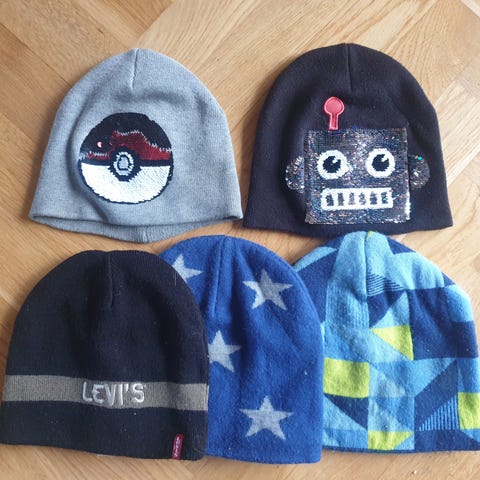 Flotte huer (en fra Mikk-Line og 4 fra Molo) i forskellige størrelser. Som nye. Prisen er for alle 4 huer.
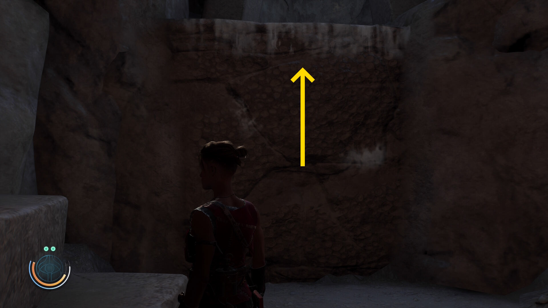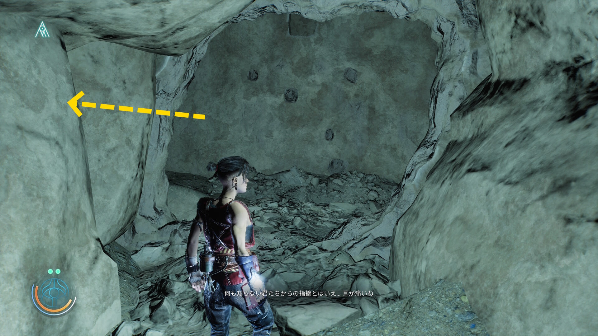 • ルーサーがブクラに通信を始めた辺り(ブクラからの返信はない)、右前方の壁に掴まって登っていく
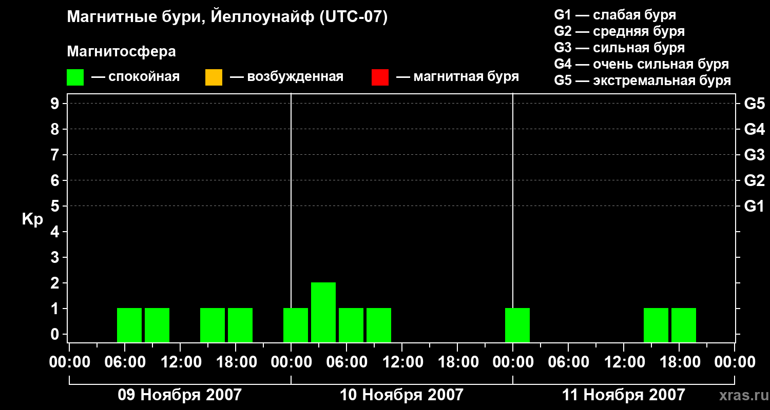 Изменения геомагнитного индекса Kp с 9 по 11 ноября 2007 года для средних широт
--
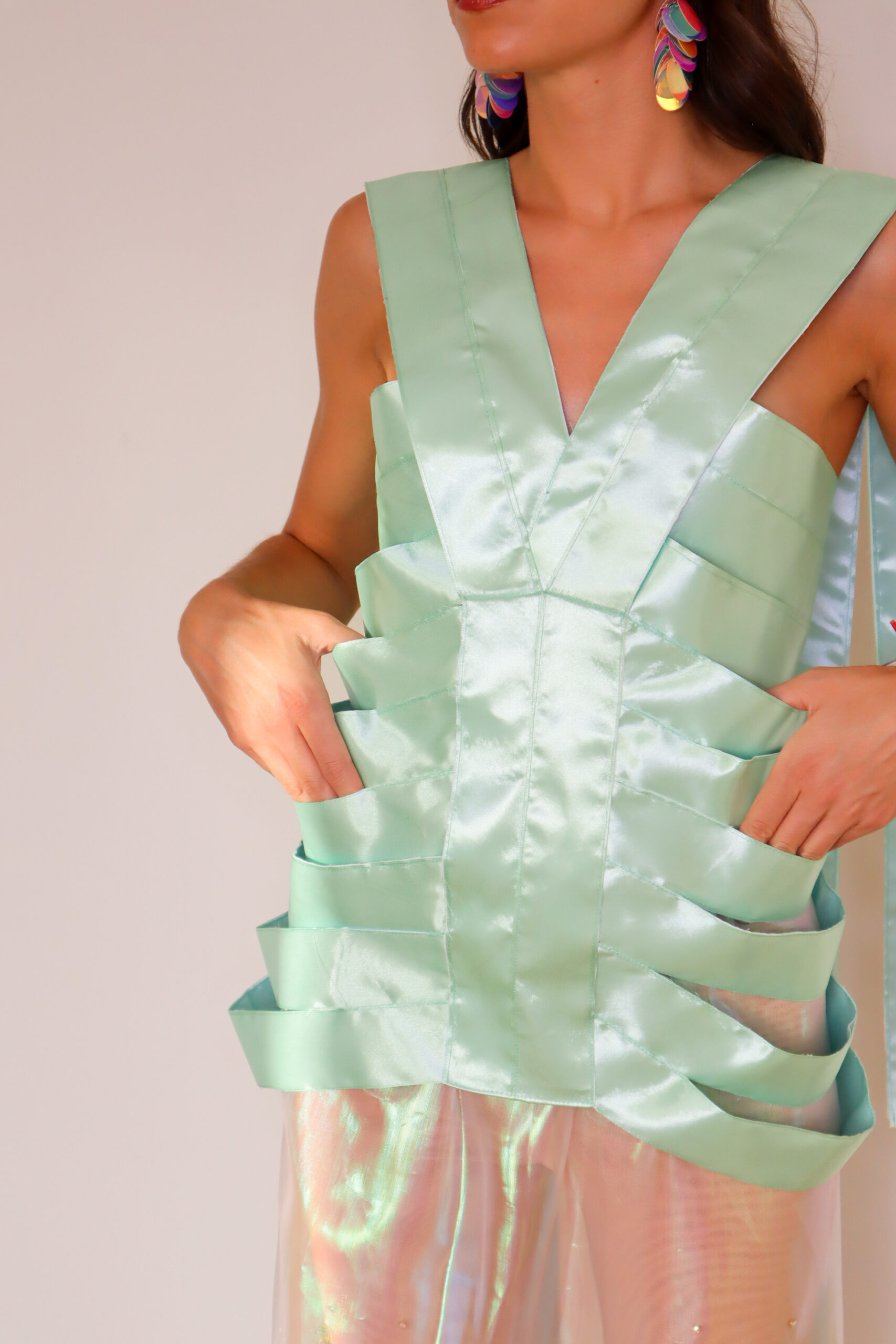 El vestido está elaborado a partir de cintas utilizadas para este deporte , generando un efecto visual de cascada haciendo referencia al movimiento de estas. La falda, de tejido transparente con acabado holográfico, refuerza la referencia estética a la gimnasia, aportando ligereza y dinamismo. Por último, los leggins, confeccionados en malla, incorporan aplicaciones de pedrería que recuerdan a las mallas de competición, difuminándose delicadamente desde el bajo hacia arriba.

Problem statement: Above is the material; set down exactly its lines from the one containing "Flotte huer (en" down to the one containing "Изменения геомагнитного индекса", both included, leaving out any pictures.

Problem solution:
 Flotte huer (en fra Mikk-Line og 4 fra Molo) i forskellige størrelser. Som nye. Prisen er for alle 4 huer.
 • ルーサーがブクラに通信を始めた辺り(ブクラからの返信はない)、右前方の壁に掴まって登っていく
 Изменения геомагнитного индекса Kp с 9 по 11 ноября 2007 года для средних широт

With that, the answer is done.